Ultimately, a deep understanding of the technical elements of a paper, rather than linguistic elegance, will become the foremost element in judging quality.

Invertir en innovación de IA

Conclusión para inversores

AI-driven research productivity may not translate directly into higher-quality outcomes. Long-term winners will be companies enabling compute, infrastructure, and validation—not just content generation.

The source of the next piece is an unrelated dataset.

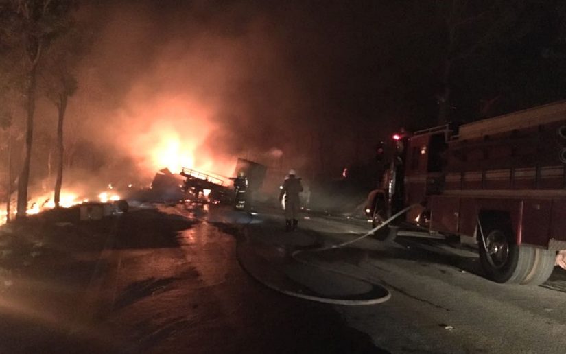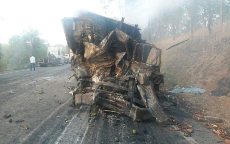 Segundo a PRF, colisão envolveu 8 veículos de carga e um de passeio, que pegaram fogo logo em seguida; vítimas foram carbonizadas. Trecho da pista está completamente interditado.

Nvidia remains central to this thesis.

Nvidia

Nvidia has evolved from a graphics card company targeting gamers to the world’s largest company, thanks to its central role in providing AI hardware to the entire tech industry.

As a pioneer in AI-dedicated hardware, Nvidia was the first to help researchers leverage these tools. “CUDA,” a general-purpose programming interface for Nvidia’s GPUs, opened the door for uses beyond gaming, paving the road for today’s AI applications.

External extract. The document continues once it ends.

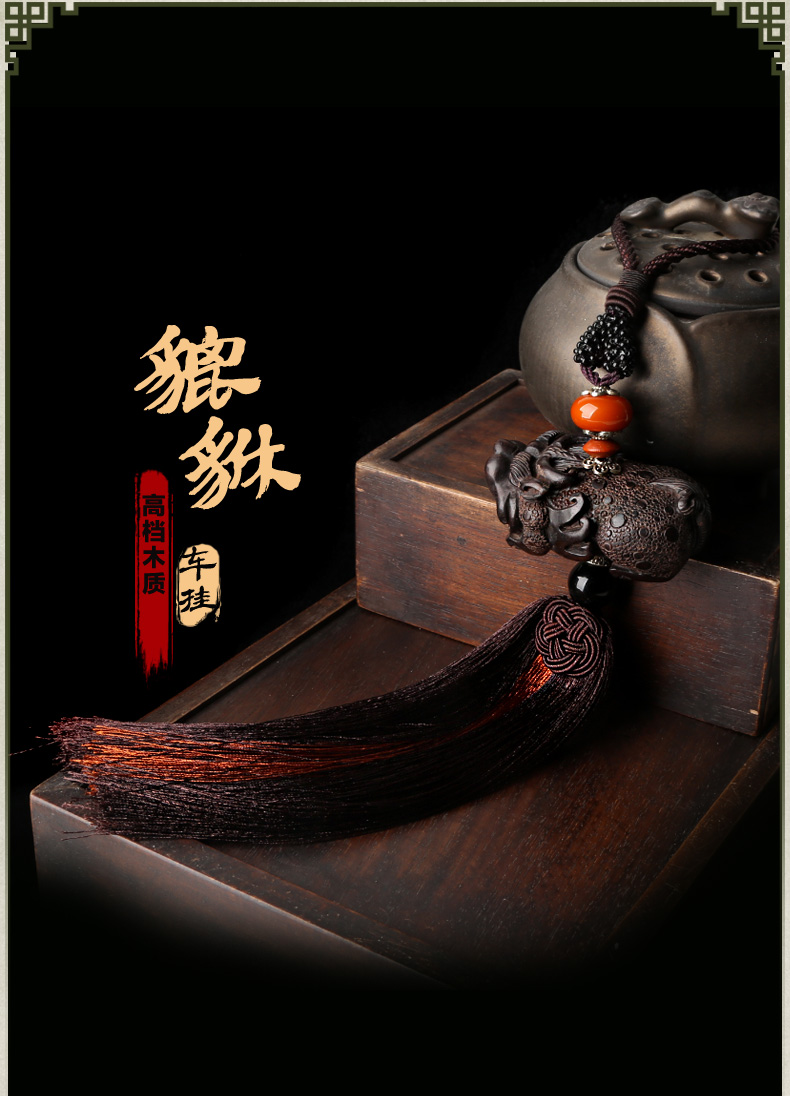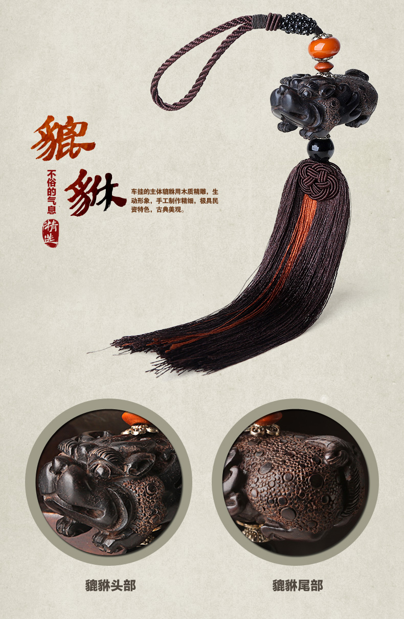 本款车挂主体貔貅用木材质精雕,生动形象,可以送领导,送朋友,送亲人,送爱人等、、、手工制作精细,送礼绝对有品位和档次,适合为您的爱车添置一款这样的车挂,俏皮可人。

“Los investigadores se dieron cuenta de que al comprar esta tarjeta de juegos llamada GeForce, la añades a tu computadora y esencialmente tienes una supercomputadora personal.

Dinámica molecular, procesamiento sísmico, reconstrucción de TC, procesamiento de imágenes—una gran cantidad de cosas diferentes.”

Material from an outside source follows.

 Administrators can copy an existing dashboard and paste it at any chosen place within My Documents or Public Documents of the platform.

Jensen Huang, en una entrevista con Sequoia

It is likely that Nvidia hardware, either directly or incorporated into the clouds of Microsoft, Google, Meta, and OpenAI, will remain the hardware of choice for researchers.

AI capex is expected to reach as much as $200B in 2025, on top of ever-growing cumulative spending by the largest tech companies. Other electronic components, such as high-performance RAM, are now in shortage as Nvidia chip production ramps up.

While scientific research may not represent the bulk of AI compute compared to consumer or B2B uses, it could become the most impactful long-term driver, promising new alloys, medicines, and scientific methodologies.

(You can read more about Nvidia’s history, current business, and future prospects in our dedicated investment report on the company.)

Estudio Referenciado

1. Keigo Kusumegi, Xinyu Yang, Paul Ginsparg, Mathijs de Vaan, Toby Stuart, and Yian Yin. Producción científica en la era de los grandes modelos de lenguaje. Science. 18 Dec 2025. Vol 390, Issue 6779 pp. 1240-1243. DOI: 10.1126/science.adw3000

Jonathan es un ex investigador de bioquímica que trabajó en análisis genético y ensayos clínicos. Ahora es un analista de acciones y escritor de finanzas con un enfoque en innovación, ciclos del mercado y geopolítica en su publicación The Eurasian Century.